While headlines scream about the rising costs of groceries, power bills, and climate policy flops, something subtler is brewing in Ottawa: a quiet retreat from the Trudeau-era firearms ban.
The 2025 Liberal Pre-Budget Consultation survey offers Canadians an opportunity to influence the Mark Carney government’s public spending priorities.[i]
For gun owners, hunters, sport shooters, and those who care about evidence-based public safety policy, Question 3 is the battlefield.
This question invites Canadians to choose which federal priorities deserve funding. Among the options?
“Completing the firearms buyback program.”
Trudeau’s Firearms Confiscation Compensation Scheme is an expensive political stunt that has already lost credibility in the eyes of the media, economists, and even elements within the Liberal Party itself.
We suggest checking one to three of the following options for Question 3:
- Investing in the Canadian Armed Forces
- Recruiting more RCMP and Canada Border Services Agency personnel to strengthen border security and combat organized crime
- Make bail policies stricter for violent and major crimes
- Investing in Canada’s Arctic
- Making dual-use investments which serve defence as well as civilian readiness such as airports, ports, telecommunication and emergency preparedness systems
- Building up Canada’s defence industries
When the Media Turns, So Do the Liberals
The Globe and Mail published a surprising op-ed from Robyn Urback calling Ottawa’s Firearms Confiscation Compensation Scheme indefensible, exorbitantly expensive, and politically toxic.[ii]
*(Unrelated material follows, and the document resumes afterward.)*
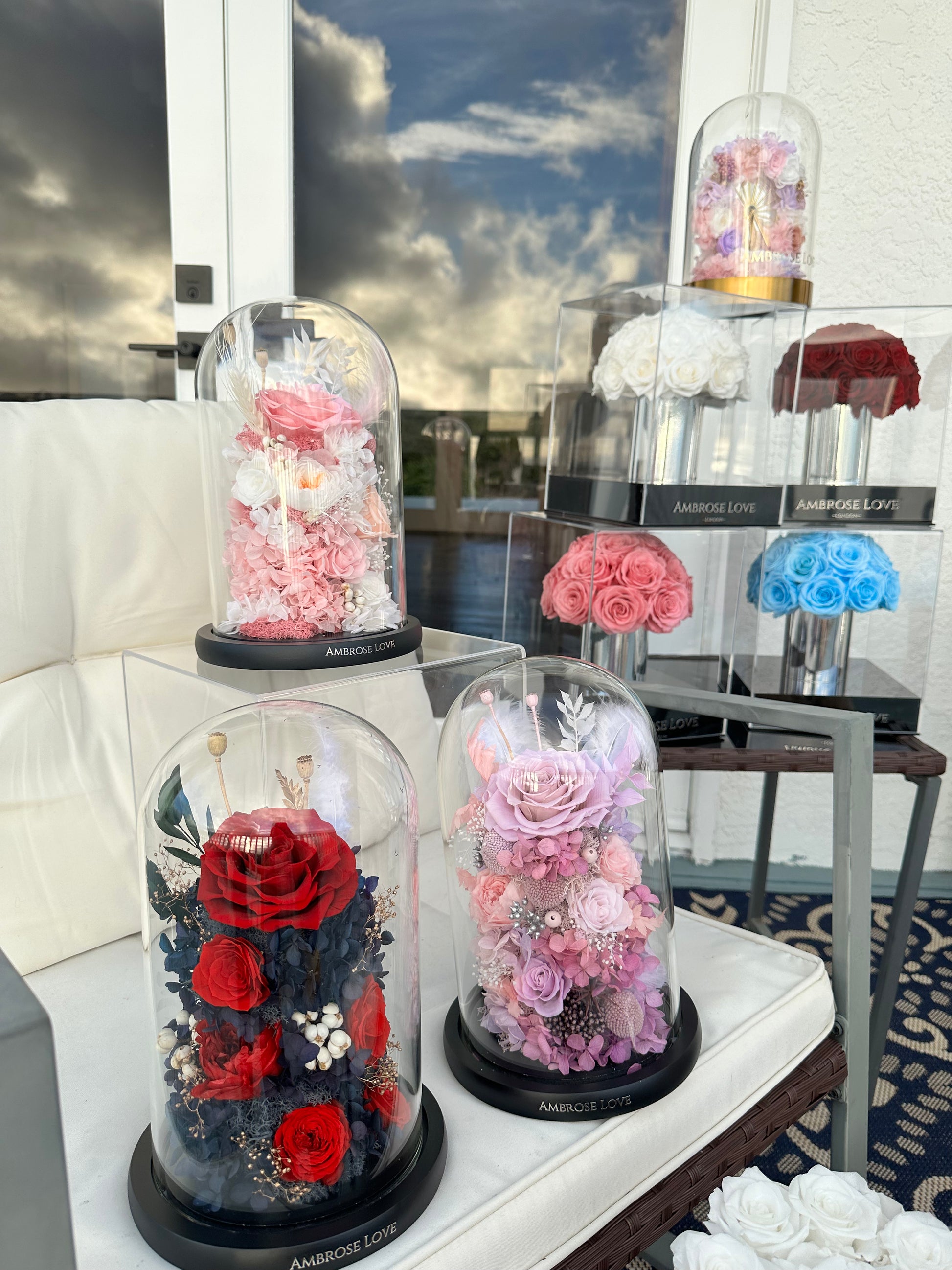 Encased in a transparent glass dome to showcase the flowers’ full beauty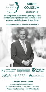 Javier Ortega Smith, con el Club La Tenida de Santander, Hotel Silken Coliseum, jueves 3, 21.00 h. 01/04/2025

“The proposed buyback program, by contrast [with the carbon tax],” Urback writes, “isn’t defensible by any measure: it targets the wrong weapons, legally owned by the wrong people, to try to tackle a problem it will absolutely not address. It is already overly bureaucratic, incredibly complicated, and exorbitantly expensive.”
When Liberal-friendly media breaks ranks, government policy shifts soon follow.
Mark Carney is no fool. He’s watching the backlash. He knows how to read political wind. And if gutting this program saves political capital for more “climate initiatives,” he’ll do it in a heartbeat.
After all, this is the same man who’d bankrupt the country on carbon credits while suddenly pretending to be frugal over a $600 million gun control budget.
Sacrificing Quebec’s Dairy Cartel Show a Bigger Game
On the same day as the Pre-Budget Survey was announced, the Liberals softened their stance on long-standing dairy protections. Quebec’s dairy quotas were untouchable for decades, yet today they’re being sacrificed on the altar of trade with New Zealand.[iii]
If the dairy cartel can be cracked, so can the sacred cow of “gun control saves lives.”
Especially when even Liberal supporters admit it doesn’t.
Complete the Pre-Budget Consultation Survey and pay close attention to the options in Question #3.
https://www.canada.ca/en/department-finance/programs/consultations/2025/pre-budget-consultations-2025.html
[i] https://www.canada.ca/en/department-finance/programs/consultations/2025/pre-budget-consultations-2025.html
[iii] https://www.canada.ca/en/global-affairs/news/2025/07/minister-sidhu-and-minister-macdonald-statement-on-resolution-of-the-cptpp-dairy-tariff-rate-quotas-dispute-with-new-zealand.html

1 Comment
Carl Robb
The legal firearm confiscation is nothing but theft of legally owned, legally used personal private property. It will do absolutely nothing to prevent crime and is based on an emotional push by anti-gun people who mostly know nothing about legal firearms. This huge amount of money would be much better spent on border security, armed forces equipment and hospitals, dry out centres for drug dependant people. I have personally lost a large amount of income that I earned as a predator control hunter on local ranches where my semi-automatic rifle was a necessity to conduct this work. It has made life much more difficult for me as a senior on pension.